Bad loan, high inflation inflate interest rates

Wide interest spread raises cost of credit, curbs investment and economic growth, says study

| Updated: December 26, 2017 11:18:49

Picture used only for representation. Picture used only for representation.

Bad loans and high inflation jacked up bank-interest rates persistently until recently, thus inflating cost of credit and deflating investment and economic growth.

A researcher placed such findings in a concluding-day session of the Bangladesh Economic Association (BEA) that shed light on the latest state of Bangladesh's economy, predominantly on banking and finance, growth, employment and morality of management.

The research paper says lending rates and interest-rate spreads remained much higher in Bangladesh than in any advanced nations, indicating that there remains a scope for cuts.

The researcher, Khan A Matin, formerly professor at the Institute of Statistical Research and Training of the University of Dhaka, used panel data 2010 to 2015 of 47 commercial banks to draw the conclusions.

In the meantime, the average interest spread as of last June stood less than 5.0 per cent while the lending rates around 10 per cent.

The lending rates usually remain lower for the agriculture sector and SMEs and higher for consumer loans and industrial financing.

Painting such a picture of the banking world in the report, styled, interest- rate spread in the banking sector of Bangladesh, the author also listed the reasons.

He said the cross-country analysis suggests that the main drivers of lending rates and interest spreads in the country are inflation, nonperforming loans, and low recovery ratios for bad loans.

He noted that interest-rate spread is considered an important determinant of the efficiency of the financial system as large spread works as an impediment to expansion and development of the financial intermediation.

"It has often been argued that higher the spread, the higher would be the cost of credit to the borrowers for any given deposit rate."
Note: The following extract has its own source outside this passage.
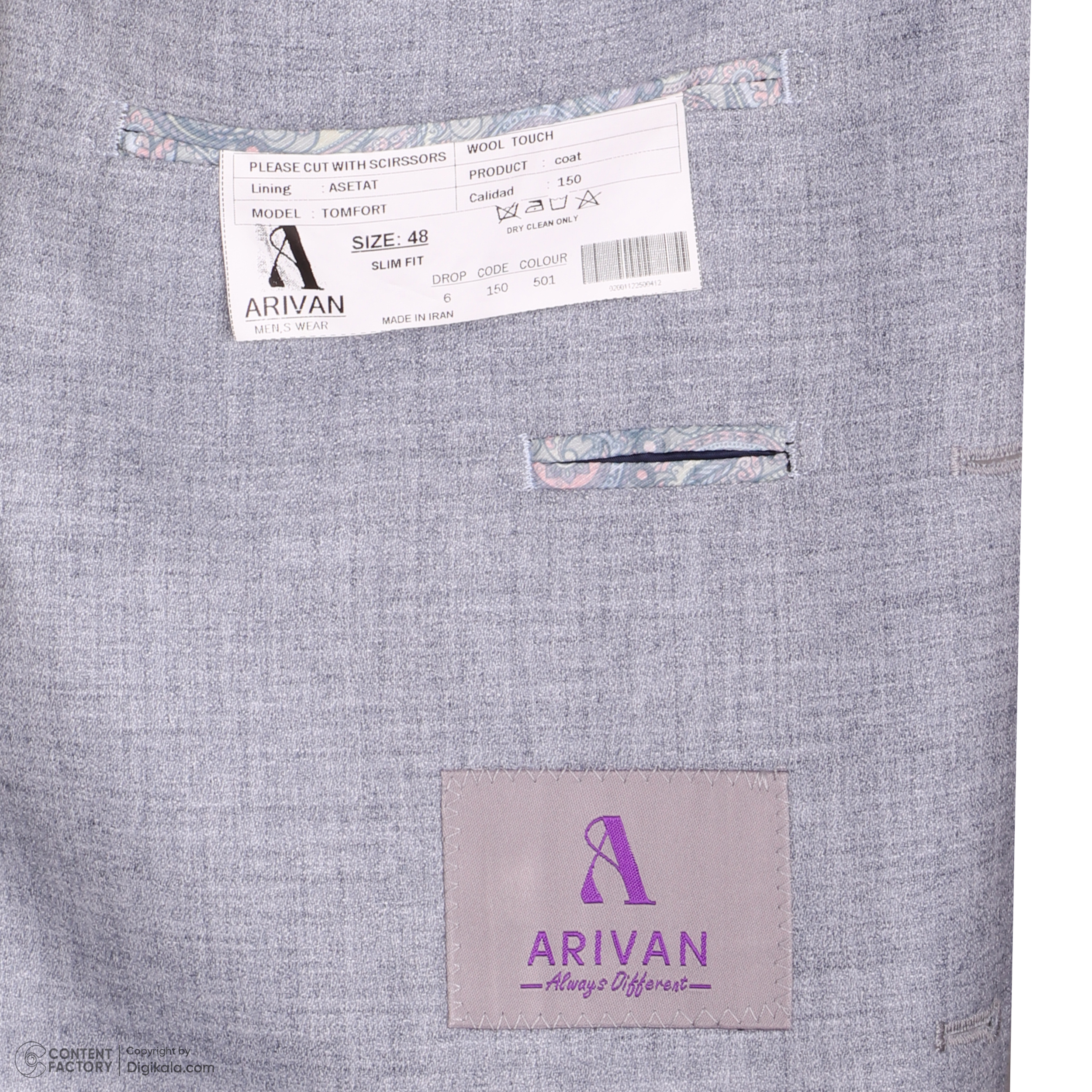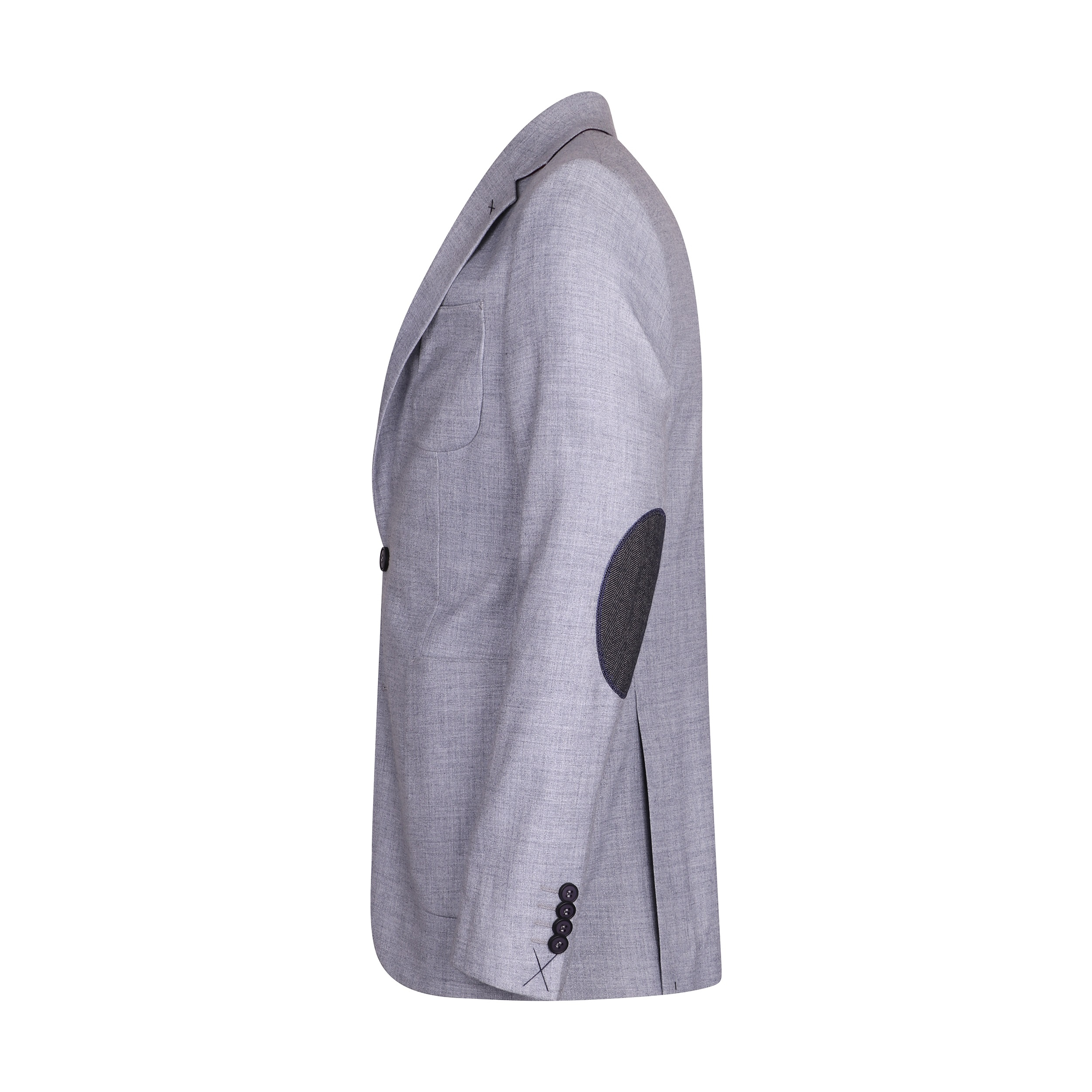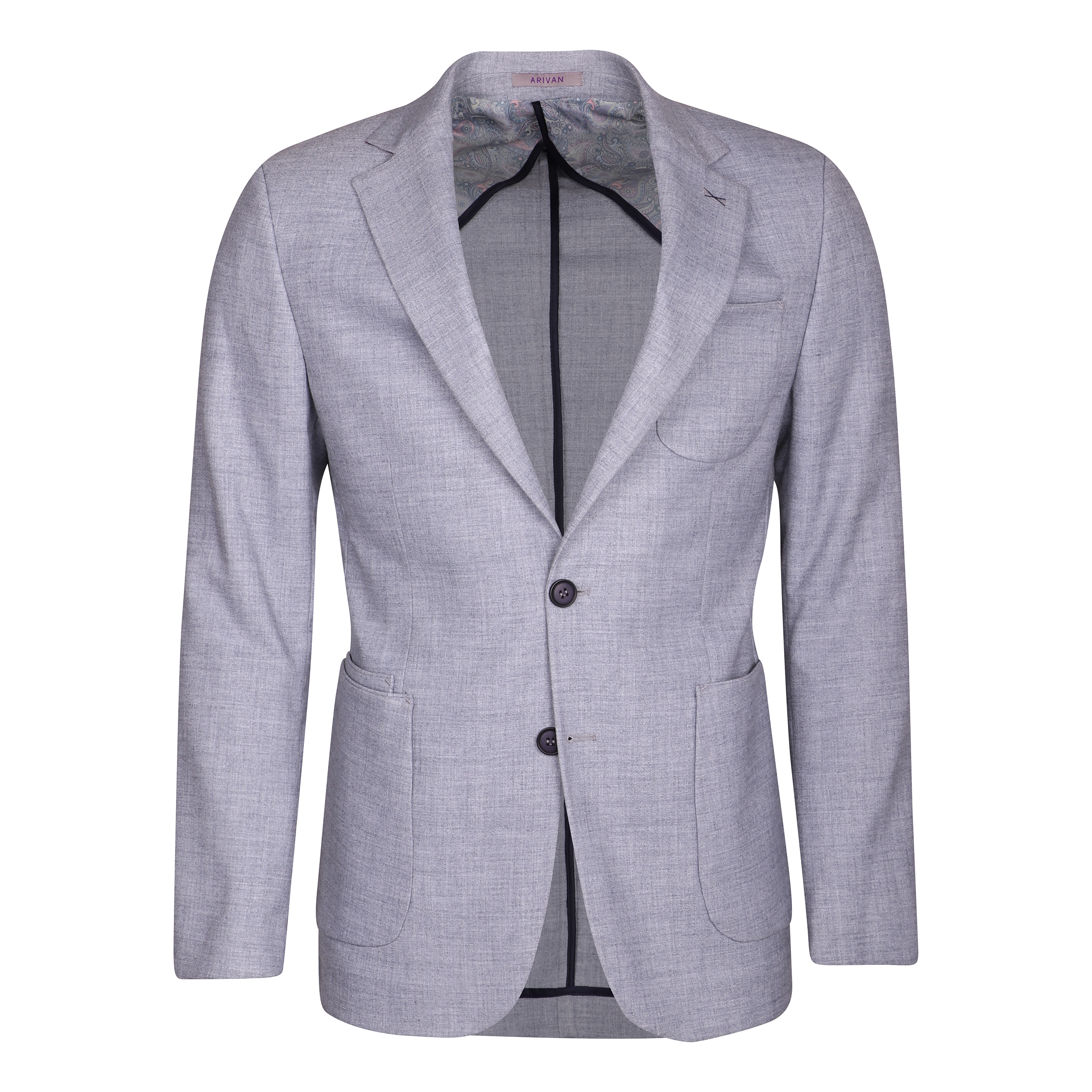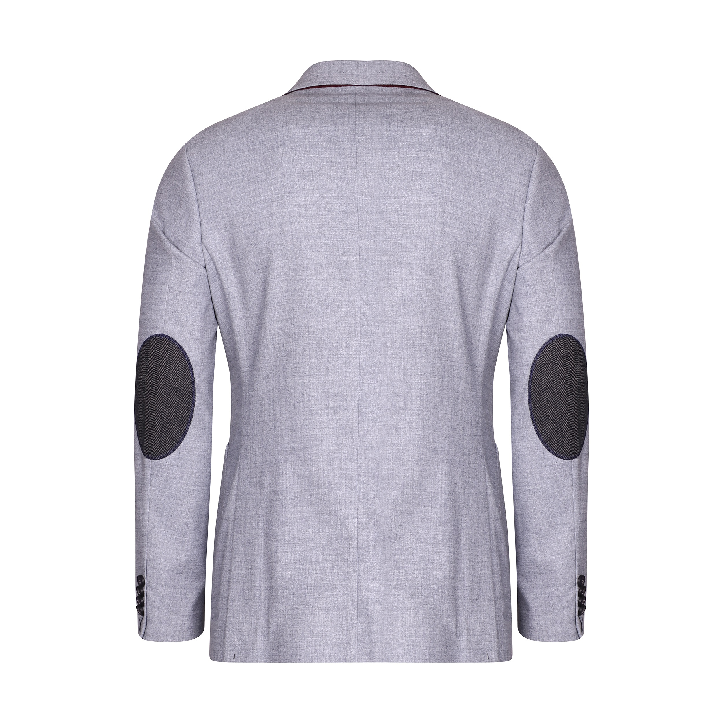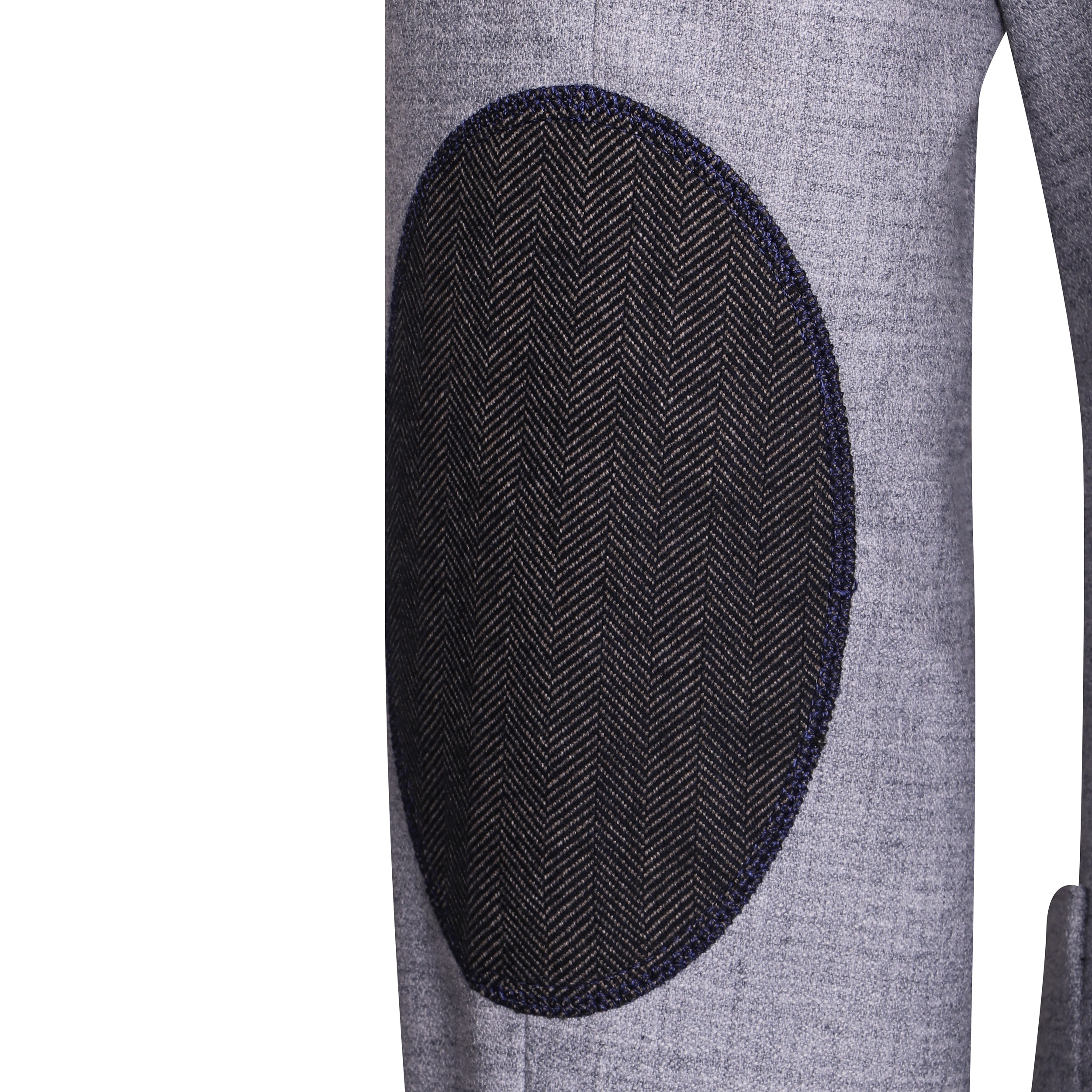 - جزئیاتیقه انگلیسی دو دکمه دارای وصله پشت آرنج نیمه آستر سه جیب پاکتی در جلو، سه جیب مخفی در داخل

He said a wider spread means unusually lower deposit rates, discoursing savings and limiting resources available to finance bank credits.

The professor of statistical research said a high interest-rate spread raises the cost of credit, restricting the access of potential borrows to credit market and thus reducing investments and limiting growth potential of the economy.

He suggested a reduction in inflation on sustained basis through prudent monetary and fiscal policies.

"Strengthen bank governance, particularly in the state-owned banks, to help improve asset quality," the research report reads.

As one of the ways out of such adverse cycle in banking, it stressed the need for improvement in contract enforceability and judicial proceedings for loan collection, foreclosures and the recovery of collateral.

"Minimise or eliminate the practice of forced subscription to treasury bills and bonds, replacing it with a fully-functioning auction-based approach," he further said about the dos on part of the bankers and financial policymakers.

Dr Toufic Ahmad Choudhury, director-general of the Bangladesh Institute of Bank Management (BIBM), moderated the session where other papers on the problems and solutions on the economic front were also placed.

The papers were on 'due diligence in Bangladesh monetary and credit programmes: path derivation' and 'does private-sector credit gear up private investment in Bangladesh?'

Professor of Dhaka School of Economics Dr Muhammad Mahbub Ali presented a paper on the testing hypothesis on theory of social networking, community banking and empowerment of people: a conceptual view.

Partha Sarathee Ghosh, a banker at UCBL, presented a paper on corporate social responsibility: contextual considerations.

Later, a number of members of the BEA joined an open question session where they deplored the present state of the country's financial sector, especially the banking sector.